Restate the data word for word. Leave the pictures out.

**SUPPLIED MATERIAL:**
**********
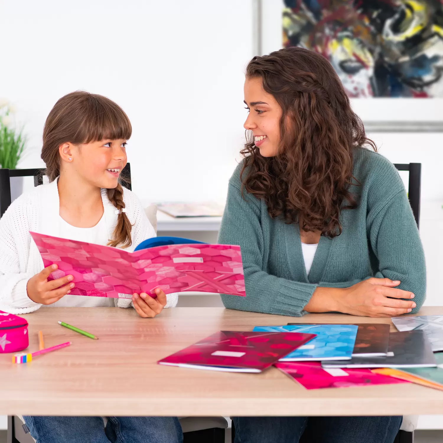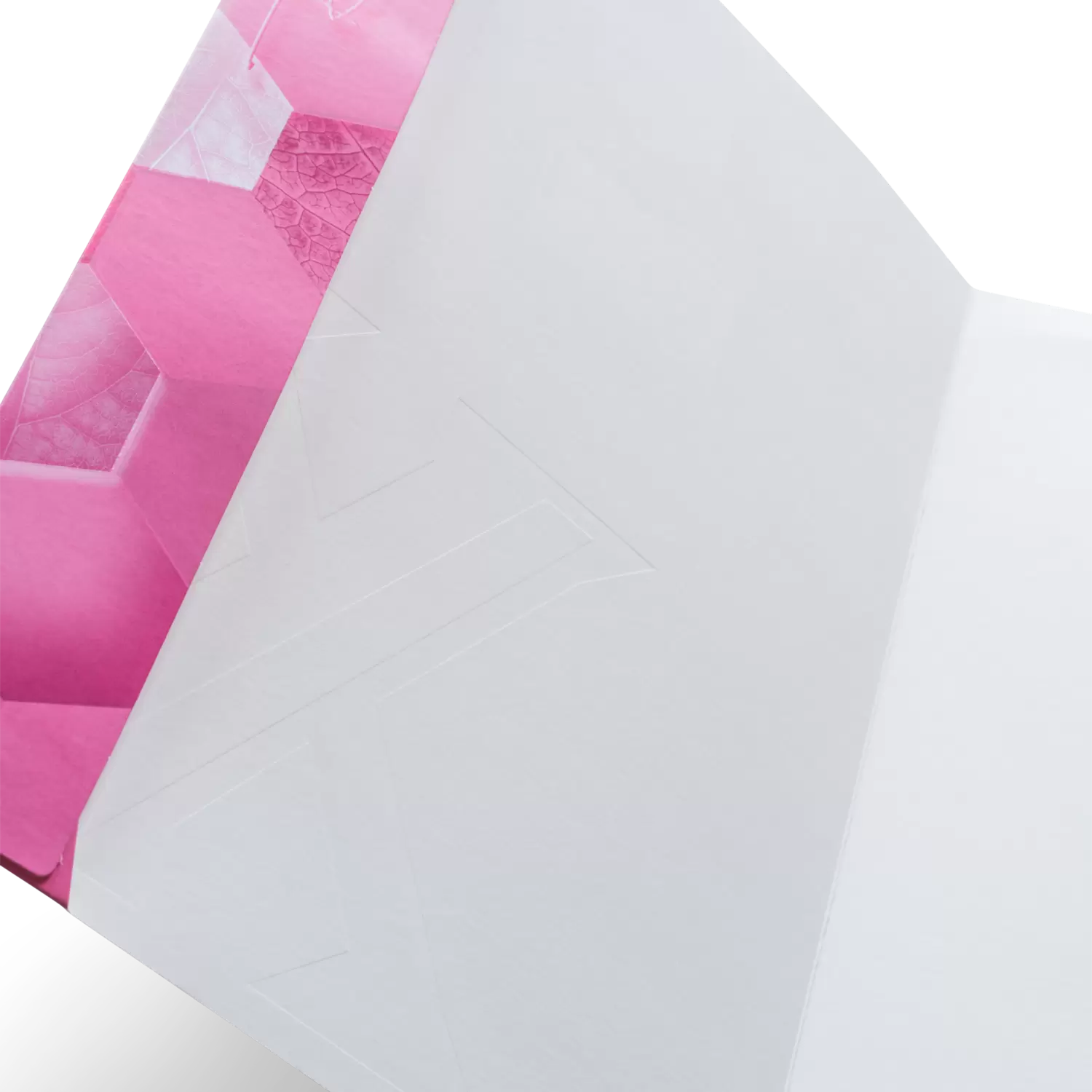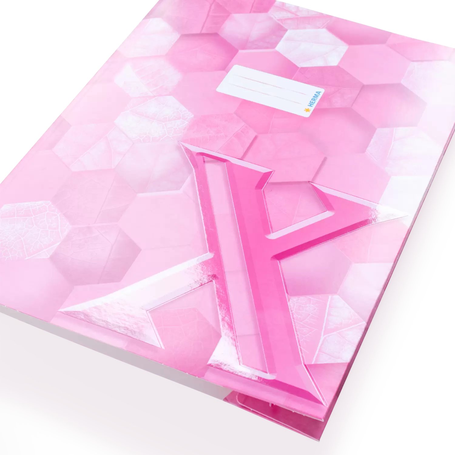 Der HERMA Heftschoner X aus robustem Karton, ist einmalig und geheimnisvoll. Steht das leuchtende, veredelte X auf der Vorderseite für die Variable in der Mathematik, als Code für ein Geheimnis, für das kreative Element oder als Unbekannte für den Inhalt des Heftes, welches geschützt wird? Der Heftschoner der Serie X ist nicht nur ein einfacher Schutzumschlag, sondern ein Tor zu einer Welt voller Abenteuer und Geheimnisse, mystisch und vielfältig. Dieser rosafarbene Heftschoner X hat das Format DIN A4 und ist mit kunstvollen Hexagonen verziert, diese sind mit feinen Blattstrukturen gefüllt, die eine faszinierende organische Struktur erzeugen. Der Blick auf das coole Design mit dem leuchtenden, veredelten X entfesselt die Kreativität und bringt spielend die Gedanken aufs Papier. Ob in der Schule, beim Lernen oder in der Freizeit – dieser Heftschoner ist der perfekte Begleiter für alle, die das Besondere suchen: Die neue Serie X.
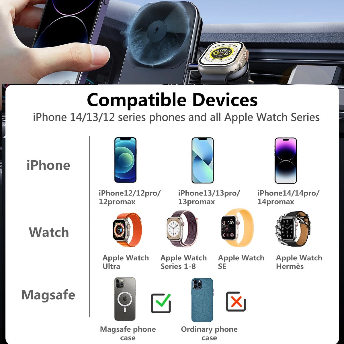Mantén tu celular estable cuidando la batería. Este soporte ayuda a la refrigeración del celular con su potente imán. Además, puedes cargar tu celular y tu smartwatch o Apple watch a la vez.
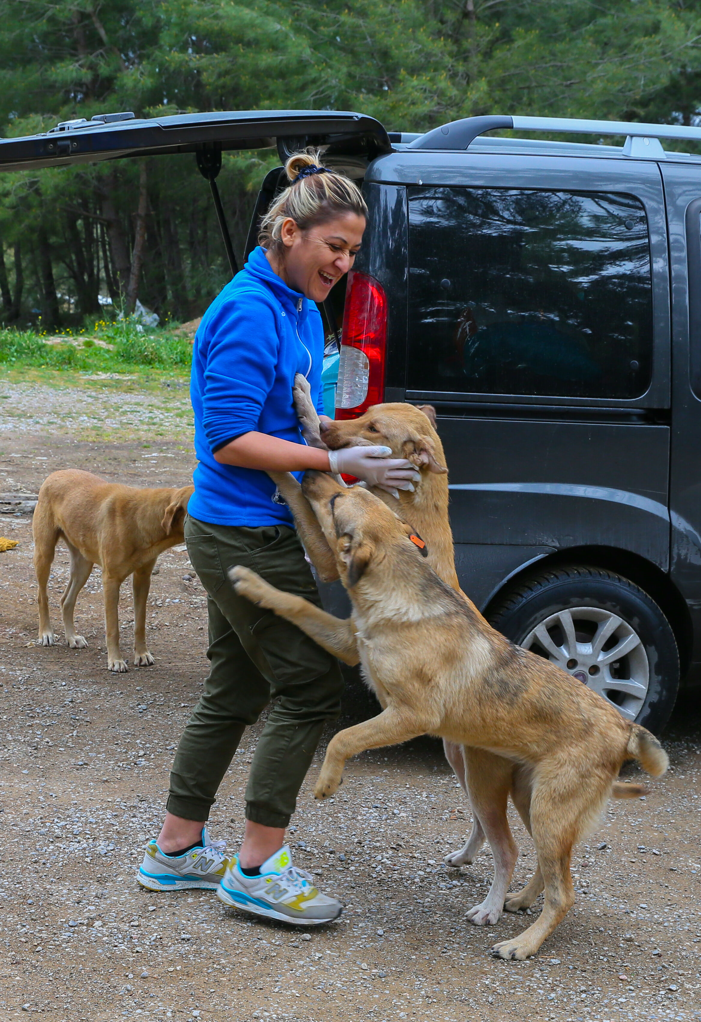Dernek üyelerinin iş çıkışı, hayvanları beslemek için bağışçılardan malzeme topladığını belirten Kapıdağ, gönüllülerin, ormana bırakılmış 600 köpeğin ihtiyaçlarını karşıladığını dile getirdi.
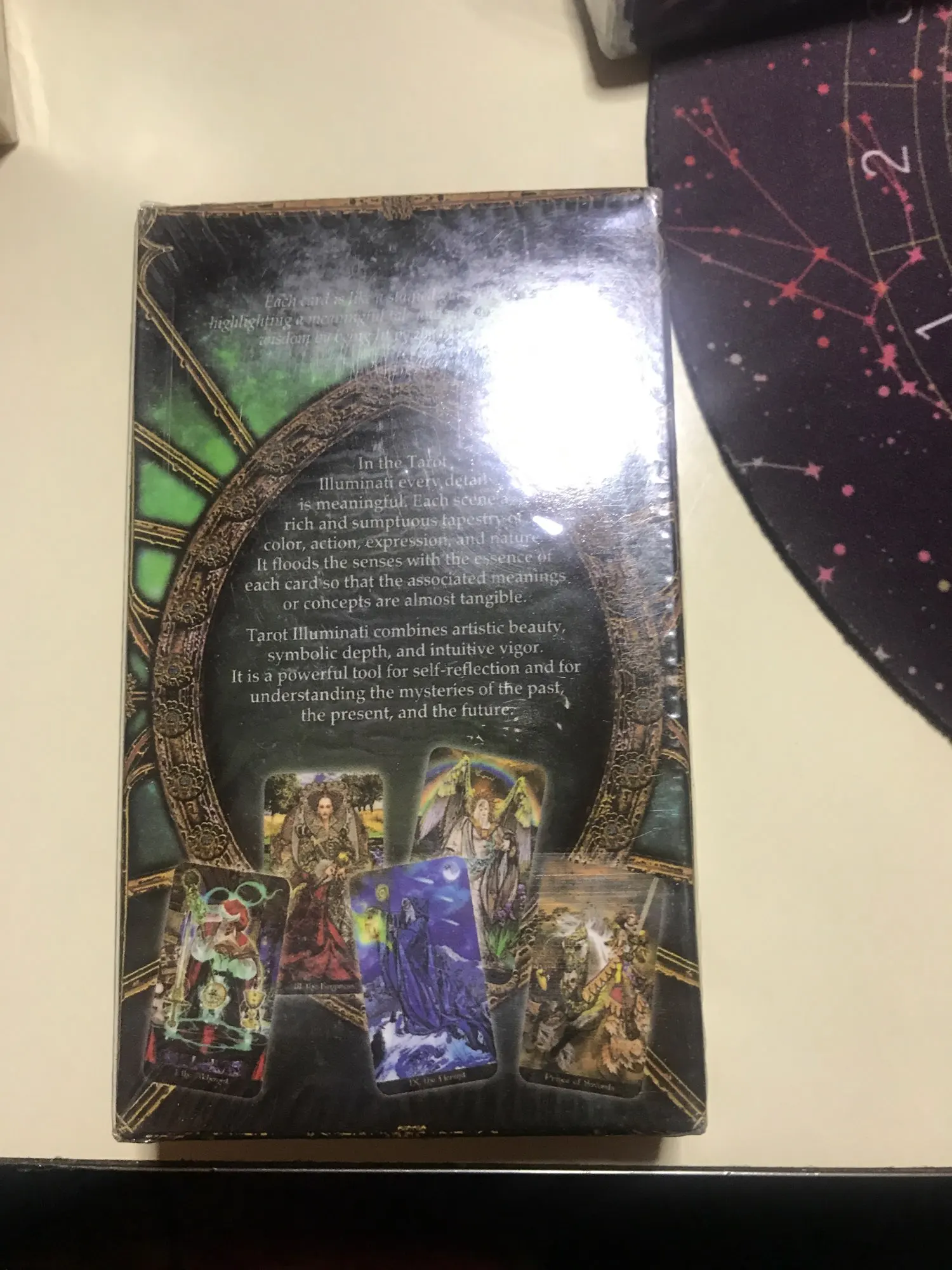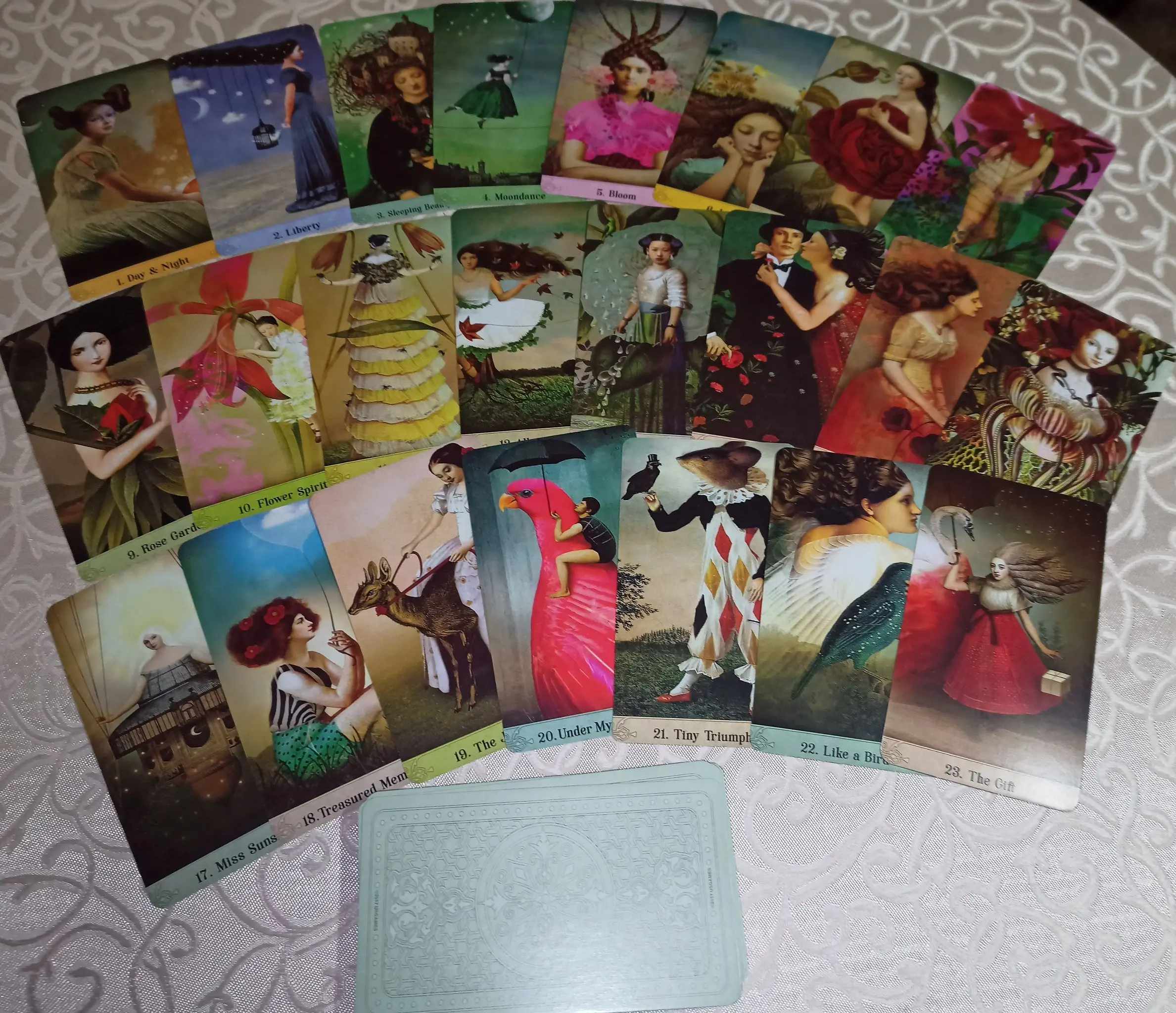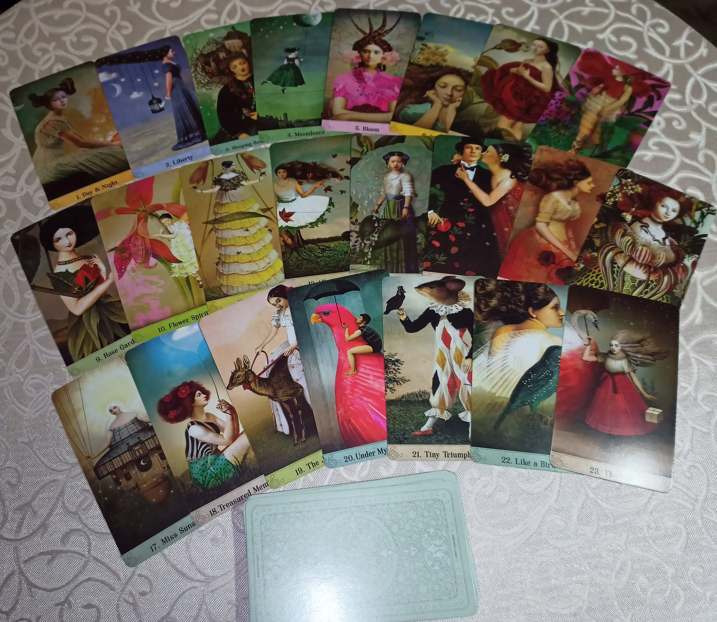У меня есть таро Мистических моментов, ещё захотелось к ним взять такой же оракул и совместить в работе. В коробочке 52 карты, картон тонковат, но имеет лаковое покрытие, вырубка отличная.
**********
**SOLUTION:**
 Der HERMA Heftschoner X aus robustem Karton, ist einmalig und geheimnisvoll. Steht das leuchtende, veredelte X auf der Vorderseite für die Variable in der Mathematik, als Code für ein Geheimnis, für das kreative Element oder als Unbekannte für den Inhalt des Heftes, welches geschützt wird? Der Heftschoner der Serie X ist nicht nur ein einfacher Schutzumschlag, sondern ein Tor zu einer Welt voller Abenteuer und Geheimnisse, mystisch und vielfältig. Dieser rosafarbene Heftschoner X hat das Format DIN A4 und ist mit kunstvollen Hexagonen verziert, diese sind mit feinen Blattstrukturen gefüllt, die eine faszinierende organische Struktur erzeugen. Der Blick auf das coole Design mit dem leuchtenden, veredelten X entfesselt die Kreativität und bringt spielend die Gedanken aufs Papier. Ob in der Schule, beim Lernen oder in der Freizeit – dieser Heftschoner ist der perfekte Begleiter für alle, die das Besondere suchen: Die neue Serie X.
Mantén tu celular estable cuidando la batería. Este soporte ayuda a la refrigeración del celular con su potente imán. Además, puedes cargar tu celular y tu smartwatch o Apple watch a la vez.
Dernek üyelerinin iş çıkışı, hayvanları beslemek için bağışçılardan malzeme topladığını belirten Kapıdağ, gönüllülerin, ormana bırakılmış 600 köpeğin ihtiyaçlarını karşıladığını dile getirdi.
У меня есть таро Мистических моментов, ещё захотелось к ним взять такой же оракул и совместить в работе. В коробочке 52 карты, картон тонковат, но имеет лаковое покрытие, вырубка отличная.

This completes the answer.